|
> there's usually another anchor point The original design supposedly had two screws, but was manufactured with one. When you have two fasteners (typically nuts, as opposed to screws...) they can be mutually secured with lock wire. That is very common. It is decidedly not common to lock wire electrical terminal fasteners in aircraft, or anywhere else for that matter. Typically lock washers and self-locking nuts are used. I'm not a certified aircraft electrical system designer, so I can't say definitively, but there are some pretty obvious reasons: First, these are typically small fasteners: lock wiring is hard enough on large fasteners. Lock wiring tiny little nuts with small gauge wire approaches the unreasonable. Second, lock wire is not insulated, so you would end up with a rats nest of exposed conductors leading to your terminals. Clearly unworkable. I suppose someone, somewhere has done something that involved insulated lock wire, but I've never seen it, wouldn't know where to buy it, and can't imagine how you'd employ it without abrading the insulation. The problem here is the shared ground terminal. Stacking wires on ground terminals is common, stupid and a plague on electrical systems. The clamping force on a wire's ring terminal (and, thus, it's contact resistance, mechanical friction, ability to inhibit corrosion, etc.) is distributed among all of the ring terminals stacked on a stud, screw, whatever. Stack just one new terminal with another and you've cut the clamping force on both in half. Half. You are now the "engineer" and when someone dies as a result of your field engineered electrical system it's your fault. |
If a screw provides 10lbs of clamp force, the equal and opposite reaction is that the thing it is screwed into must resist with 10lbs.

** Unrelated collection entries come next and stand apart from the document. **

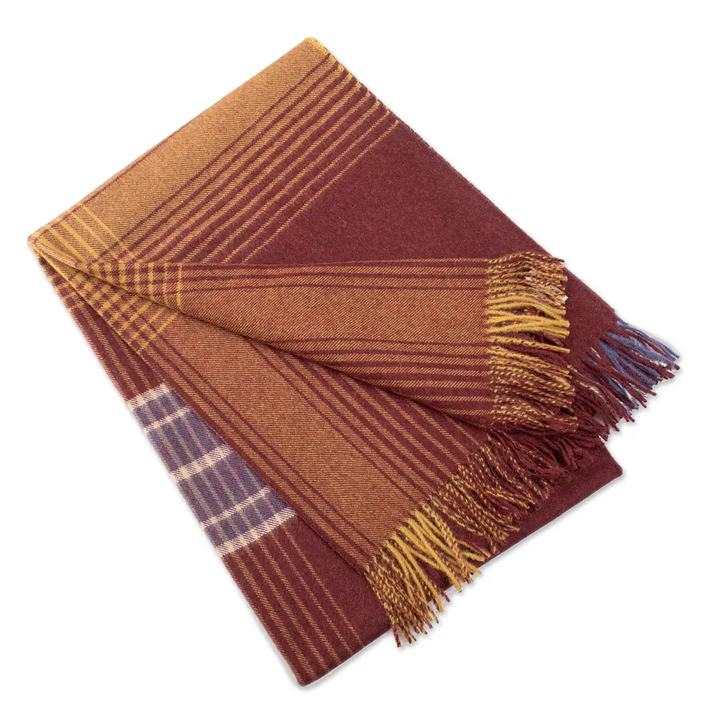 Bold and beautiful, this throw blanket from Peru combines stripes of honey, iris, and snow white over a maroon body. Nataly and Alberto present the design, which is woven from luxuriously soft baby alpaca, the fine fleece from the season's first shearing.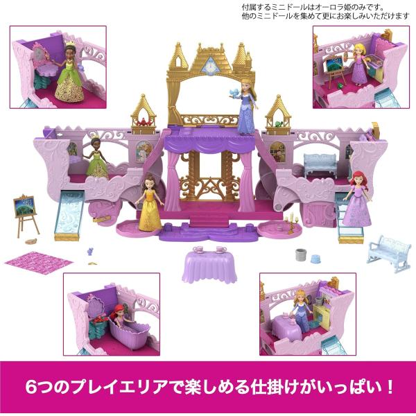 マテル ディズニープリンセス ピンクのおしろ〜ばしゃがおしろにへんしん〜 きせかえ人形 ハウス ままごと ごっこ遊び オーロラ姫 ミニドール付き ピンク HWX17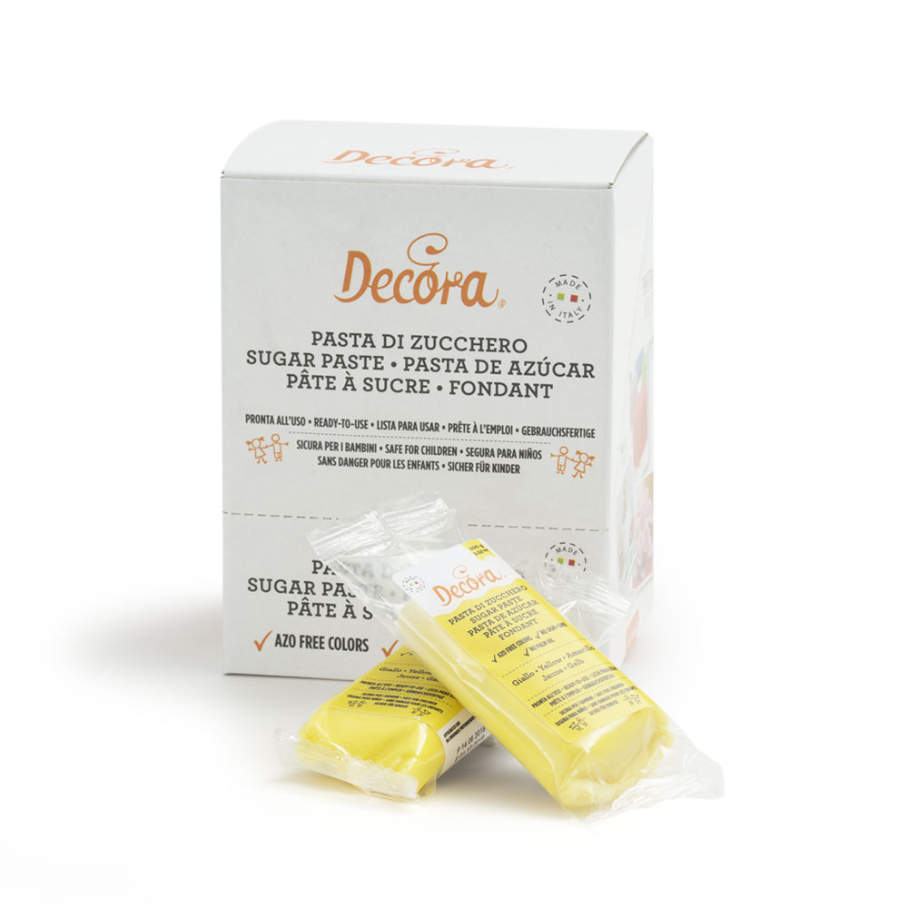 Gelbe Modelliermasse zum Dekorieren von Torten und Zubereiten von Verzierungen. 100 g Packung.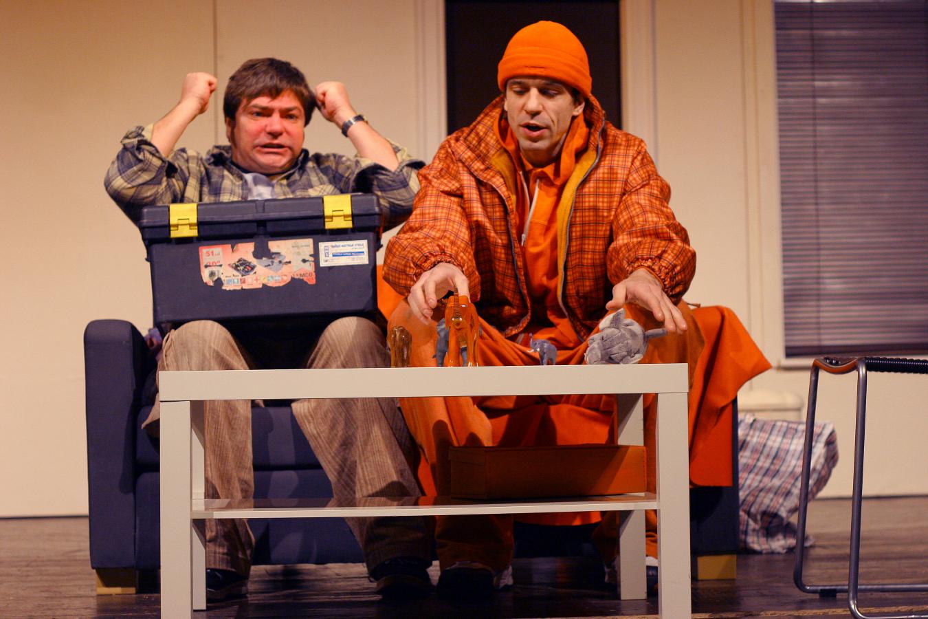 Elling a Kjell jsou kamarádi, i když k sobě mají zdánlivě daleko. Elling vystudoval gymnázium, potom se živil jako úředník a v soukromí nesměle píše verše. Kjell je sociálně zaostalý syn alkoholičky, o kterou se od dětství láskyplně staral, nemá vzdělání, je manuálně zručný, ale v komunikaci s lidmi tak neprotřelý, že ho každý považuje za méněcenného. Společné mají jen to, že oba zabloudili v překotném tempu a odcizenosti dnešního světa. Museli nějaký čas odpočívat a uvědomovat si sebe sama v bezpečí léčebného ústavu. Ve chvíli, kdy hra začíná, byli propuštěni na svobodu a dostávají společný byt, v němž se mají naučit žít nový, samostatný život. Nevědí si rady se spoustou běžných věcí, například telefon je pro něvelikým strašákem, vycházka po sídlišti obávaným dobrodružstvím a nákup v přeplněném supermarketu je úkol nad jejich síly. Ale pozor, tato výjimečně dobrá norská hra není o psychopatech, ani o „mentálech". Je o obyčejných citlivých lidech, potýkajících se s obyčejným životem v agresívním světě. Je to komedie plná nehledaného, překvapivého humoru a přívětivé víry v sílu přátelství, lásky a všech přirozených lidských citů, které dávají životu smysl a cestu. Na česky mluvící jeviště tuto komedii přineslo Národní divadlo moravskoslezské a my jsme její působivosti podlehli okamžitě při zhlédnutí ostravského představení.
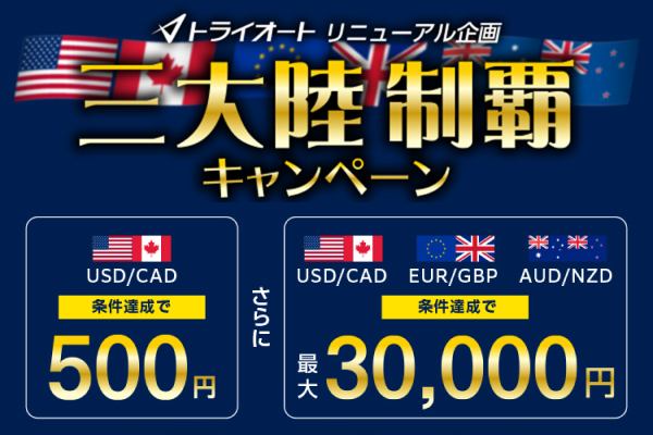 1. トライオートリニューアル企画!三大陸制覇キャンペーン

If you put one terminal in between it must transmit all 10lbs through itself or else the forces don't balance out and something must be accelerating.
If you then stack another one in there all the force must be transmitted through it also. So the screw clamps with 10lbs of force and both terminals feel 10lbs of clamp force.
I just can't figure out where you got the idea of "it cuts the clamp force in half" but I'm interested to hear.